AMS will examine fundamental issues about matter and the origin and structure of the Universe directly from space. Its main scientific target is the search for dark matter and antimatter, in a programme that is complementary to that of the Large Hadron Collider.

Last February the AMS detector travelled from CERN to the European Space Research and Technology Centre (ESTEC) in Noordwijk (Netherlands) for testing to certify its readiness for travel into space. Following the completion of the testing, the AMS collaboration decided to return the detector to CERN for final modifications.
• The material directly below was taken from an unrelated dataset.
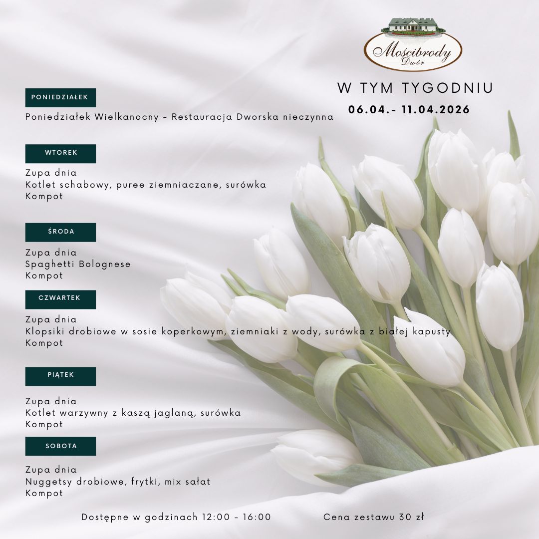 Strona główna Aktualne wydarzenia Menu tygodniowe Aktualne wydarzenia 2025-07-20 Menu tygodniowe Menu tygodniowe 07 - 11 kwiecień 2026Zapraszamy na domowe obiady serwowane od poniedziałku do soboty. Smacznie, sezonowo i w klimacie dworskiej gościnności. Menu w grafice. Dwór Mościbrody Rezerwacje i kontakt: 25 641 70 30 Do zobaczenia przy stole!

In particular, the detector's superconducting magnet was replaced by the permanent magnet from the AMS-01 prototype, which had already flown into space in 1998. The reason for the decision was that the operational lifetime of the superconducting magnet would have been limited to three years, because there is no way of refilling the magnet with liquid helium, necessary to maintain the magnet's superconductivity, on board the space station. The permanent magnet, on the other hand, will now allow the experiment to remain operational for the entire lifetime of the ISS.

Following its return to CERN, the AMS detector was therefore reconfigured with the permanent magnet before being tested with CERN particle beams. The tests were used to validate and calibrate the new configuration before the detector leaves Europe for the last time.

"The entire AMS collaboration is delighted by this departure, because it marks a crucial milestone for the experiment. We are getting close to the space shuttle launch and the moment when our detector will finally be installed on board the ISS," explained Professor Sam Ting, Nobel laureate and spokesman for the experiment. "The detector's construction phase is now finished and we are eager for the data collection phase to begin."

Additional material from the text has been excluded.